= What the exercise asks =
Reproduce the listing below exactly. Pictures do not belong in the copy.

= Data provided =
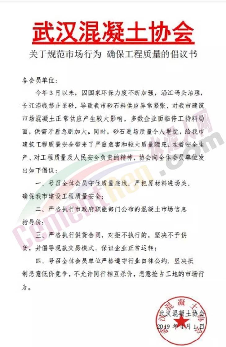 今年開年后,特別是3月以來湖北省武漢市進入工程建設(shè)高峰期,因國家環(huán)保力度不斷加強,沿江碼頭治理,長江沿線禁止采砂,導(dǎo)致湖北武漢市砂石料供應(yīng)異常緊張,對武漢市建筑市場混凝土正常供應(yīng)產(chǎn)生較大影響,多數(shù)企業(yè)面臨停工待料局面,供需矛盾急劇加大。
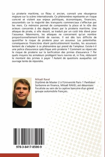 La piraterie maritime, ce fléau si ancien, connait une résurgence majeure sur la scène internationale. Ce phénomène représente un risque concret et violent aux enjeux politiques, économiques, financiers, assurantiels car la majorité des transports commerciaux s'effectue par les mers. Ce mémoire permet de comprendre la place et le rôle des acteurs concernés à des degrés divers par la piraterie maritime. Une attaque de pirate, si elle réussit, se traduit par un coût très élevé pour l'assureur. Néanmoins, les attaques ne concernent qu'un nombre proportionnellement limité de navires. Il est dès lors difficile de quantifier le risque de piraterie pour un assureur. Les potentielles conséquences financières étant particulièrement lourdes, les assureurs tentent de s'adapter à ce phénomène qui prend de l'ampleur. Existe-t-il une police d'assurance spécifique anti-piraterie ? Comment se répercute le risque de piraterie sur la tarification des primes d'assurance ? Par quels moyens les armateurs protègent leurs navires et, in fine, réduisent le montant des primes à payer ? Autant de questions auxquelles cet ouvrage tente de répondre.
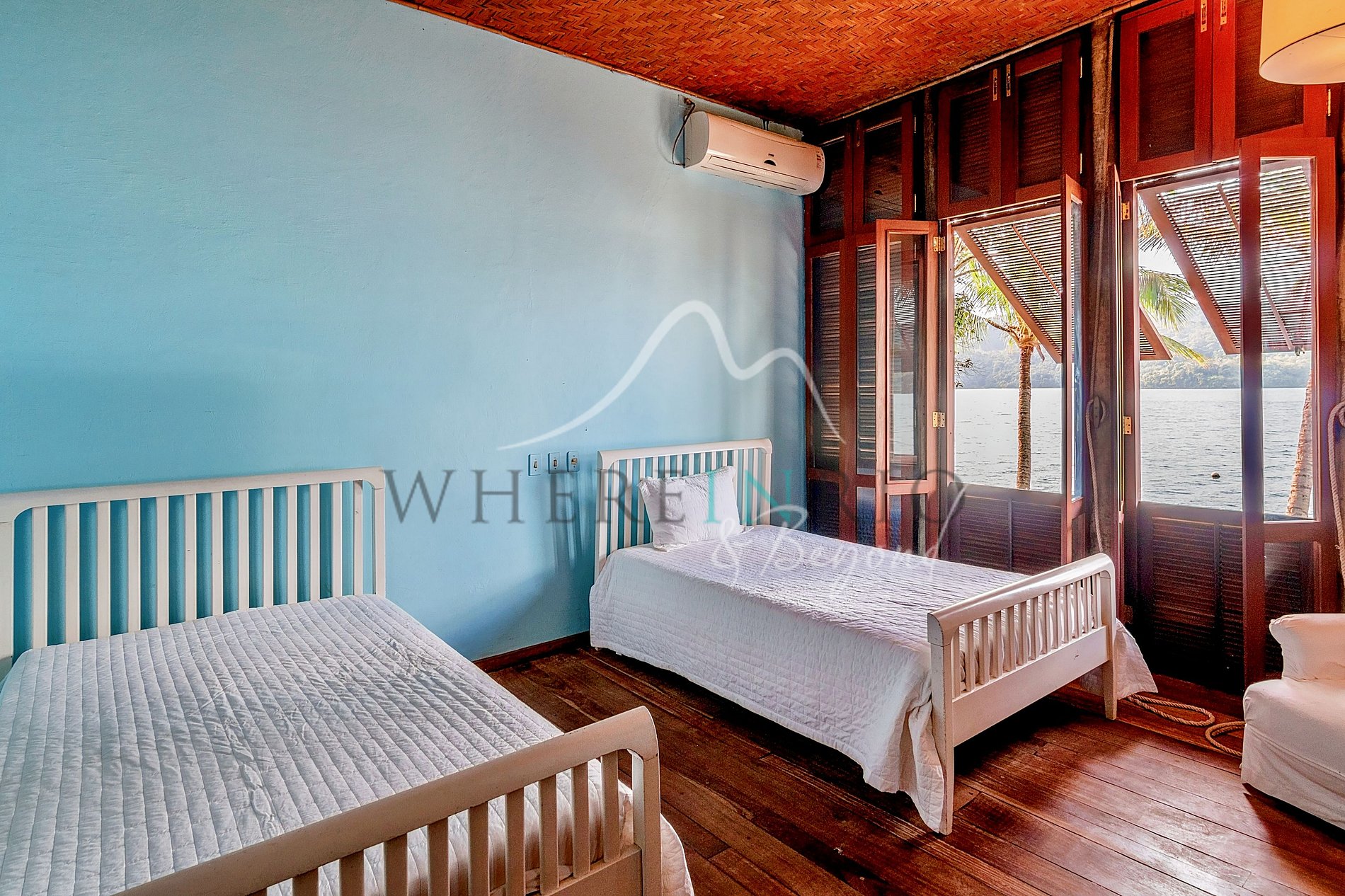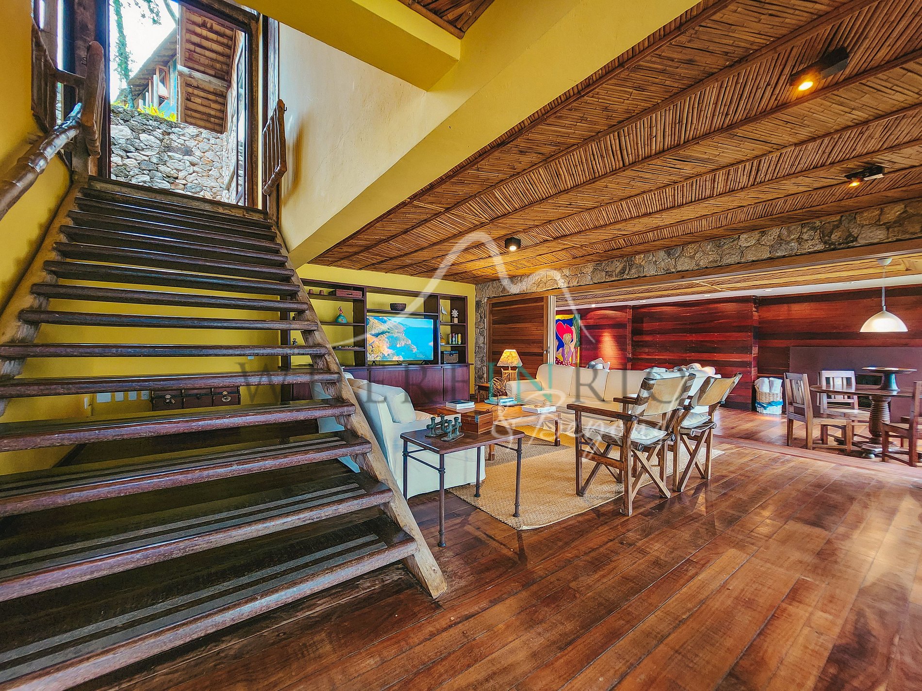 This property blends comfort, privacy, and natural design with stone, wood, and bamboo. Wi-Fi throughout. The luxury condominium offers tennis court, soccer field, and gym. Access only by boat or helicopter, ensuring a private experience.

= Answer space =
 今年開年后,特別是3月以來湖北省武漢市進入工程建設(shè)高峰期,因國家環(huán)保力度不斷加強,沿江碼頭治理,長江沿線禁止采砂,導(dǎo)致湖北武漢市砂石料供應(yīng)異常緊張,對武漢市建筑市場混凝土正常供應(yīng)產(chǎn)生較大影響,多數(shù)企業(yè)面臨停工待料局面,供需矛盾急劇加大。
 La piraterie maritime, ce fléau si ancien, connait une résurgence majeure sur la scène internationale. Ce phénomène représente un risque concret et violent aux enjeux politiques, économiques, financiers, assurantiels car la majorité des transports commerciaux s'effectue par les mers. Ce mémoire permet de comprendre la place et le rôle des acteurs concernés à des degrés divers par la piraterie maritime. Une attaque de pirate, si elle réussit, se traduit par un coût très élevé pour l'assureur. Néanmoins, les attaques ne concernent qu'un nombre proportionnellement limité de navires. Il est dès lors difficile de quantifier le risque de piraterie pour un assureur. Les potentielles conséquences financières étant particulièrement lourdes, les assureurs tentent de s'adapter à ce phénomène qui prend de l'ampleur. Existe-t-il une police d'assurance spécifique anti-piraterie ? Comment se répercute le risque de piraterie sur la tarification des primes d'assurance ? Par quels moyens les armateurs protègent leurs navires et, in fine, réduisent le montant des primes à payer ? Autant de questions auxquelles cet ouvrage tente de répondre.
 This property blends comfort, privacy, and natural design with stone, wood, and bamboo. Wi-Fi throughout. The luxury condominium offers tennis court, soccer field, and gym. Access only by boat or helicopter, ensuring a private experience.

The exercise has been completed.